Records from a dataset
.....
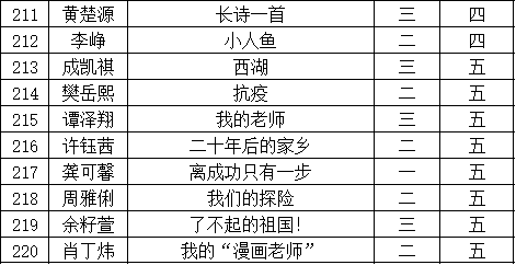 自2021年1月,活動(dòng)征稿啟動(dòng)以來(lái),獲得了深圳市廣大中小學(xué)生、教師、文學(xué)愛(ài)好者的熱烈響應(yīng)積極參與,吸引了深圳百余所學(xué)校的上萬(wàn)人關(guān)注報(bào)名?,F(xiàn)公布福田區(qū)華新小學(xué)晉級(jí)復(fù)賽名單如下:
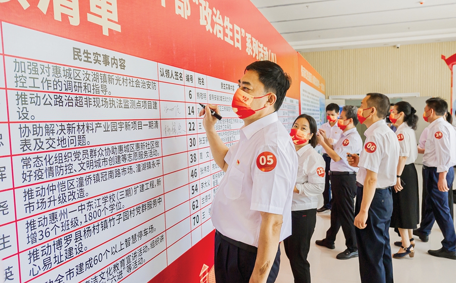 過好“政治生日”,牢記初心使命。一年來,惠州把黨員過“政治生日”作為提升黨內政治生活質量的重要舉措,在市級層面開展“擔當作為踐初心 砥礪奮進創(chuàng)一流”黨員領導干部“政治生日”系列活動,通過每人認領一件民生實事等系列舉措,把過“政治生日”與推動中心工作、解決實際問題結合起來,推動黨員干部以實際行動踐行初心使命。同時,全市各地各部門也積極組織黨員集體過“政治生日”,以重溫入黨誓詞、分享入黨初心故事、警示教育等形式,引導廣大黨員加強黨性修養(yǎng)、筑牢信仰之基、補足精神之鈣、把穩(wěn)思想之舵。
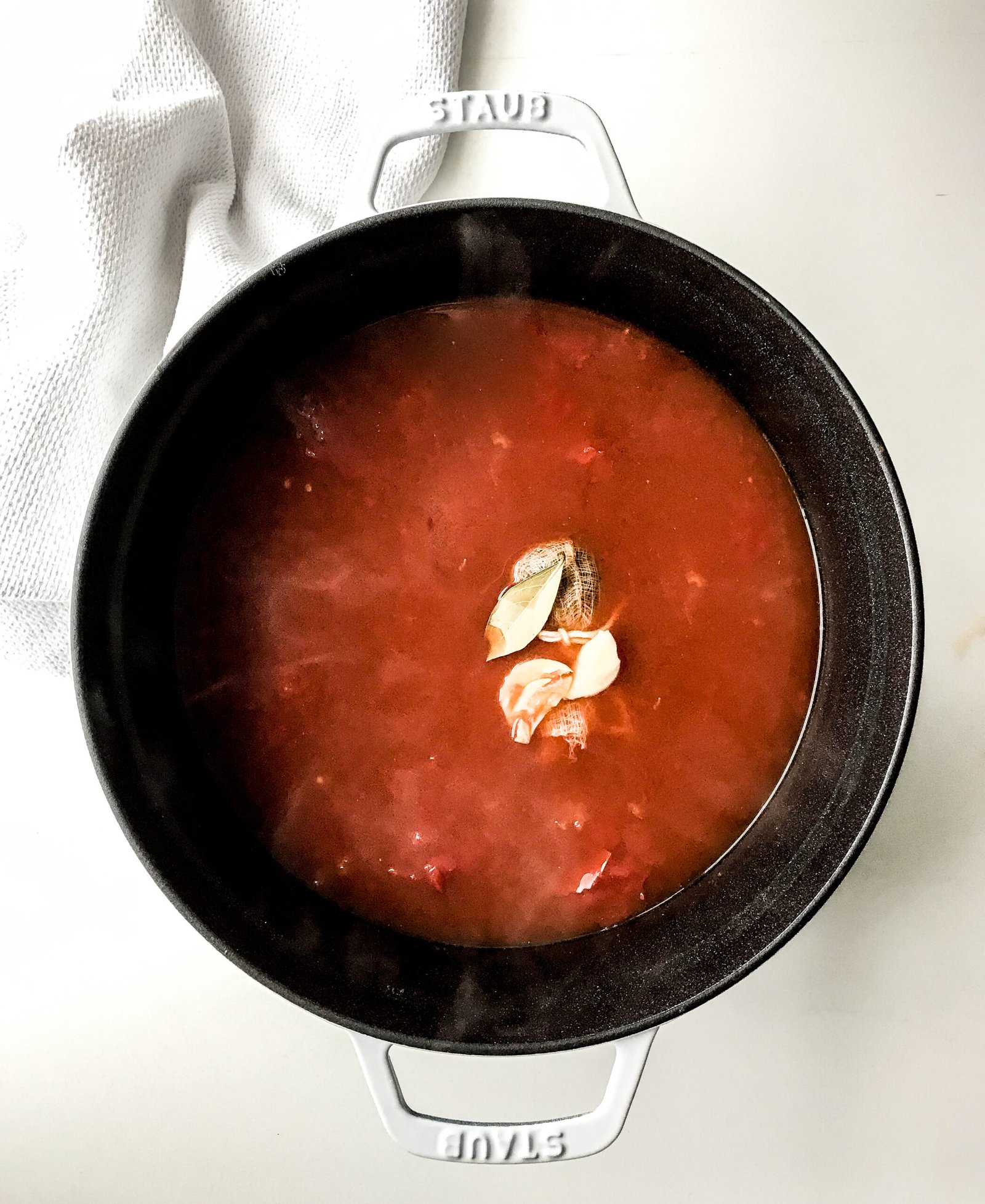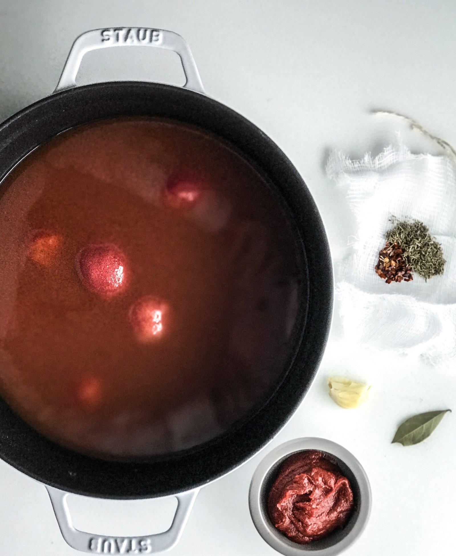- Because the soup will get strained at the end, the bay leaf and smashed clove of garlic can go directly into the pot, however the dry thyme and red pepper flakes are still really tiny and should go into a sachet made from cheesecloth so that the flavor can infuse into the soup without speckling the smooth tomato red soup appearance.
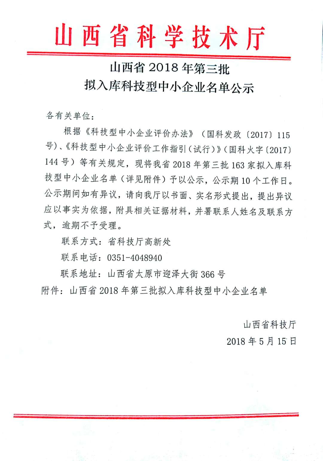 山西省2018年第三批拟入库科技型中小企业名单公示正文.jpg PICTURE
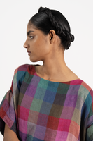 Boat Neck One Size Top With Shoulder Drop Detail In 100% Linen Twill.
.....
_TASK DETAILS:_ Give every line of the data above again as it stands; the pictures stay out.

_EXERCISE RESULT:_
 自2021年1月,活動(dòng)征稿啟動(dòng)以來(lái),獲得了深圳市廣大中小學(xué)生、教師、文學(xué)愛(ài)好者的熱烈響應(yīng)積極參與,吸引了深圳百余所學(xué)校的上萬(wàn)人關(guān)注報(bào)名?,F(xiàn)公布福田區(qū)華新小學(xué)晉級(jí)復(fù)賽名單如下:
 過好“政治生日”,牢記初心使命。一年來,惠州把黨員過“政治生日”作為提升黨內政治生活質量的重要舉措,在市級層面開展“擔當作為踐初心 砥礪奮進創(chuàng)一流”黨員領導干部“政治生日”系列活動,通過每人認領一件民生實事等系列舉措,把過“政治生日”與推動中心工作、解決實際問題結合起來,推動黨員干部以實際行動踐行初心使命。同時,全市各地各部門也積極組織黨員集體過“政治生日”,以重溫入黨誓詞、分享入黨初心故事、警示教育等形式,引導廣大黨員加強黨性修養(yǎng)、筑牢信仰之基、補足精神之鈣、把穩(wěn)思想之舵。
- Because the soup will get strained at the end, the bay leaf and smashed clove of garlic can go directly into the pot, however the dry thyme and red pepper flakes are still really tiny and should go into a sachet made from cheesecloth so that the flavor can infuse into the soup without speckling the smooth tomato red soup appearance.
 山西省2018年第三批拟入库科技型中小企业名单公示正文.jpg PICTURE
 Boat Neck One Size Top With Shoulder Drop Detail In 100% Linen Twill.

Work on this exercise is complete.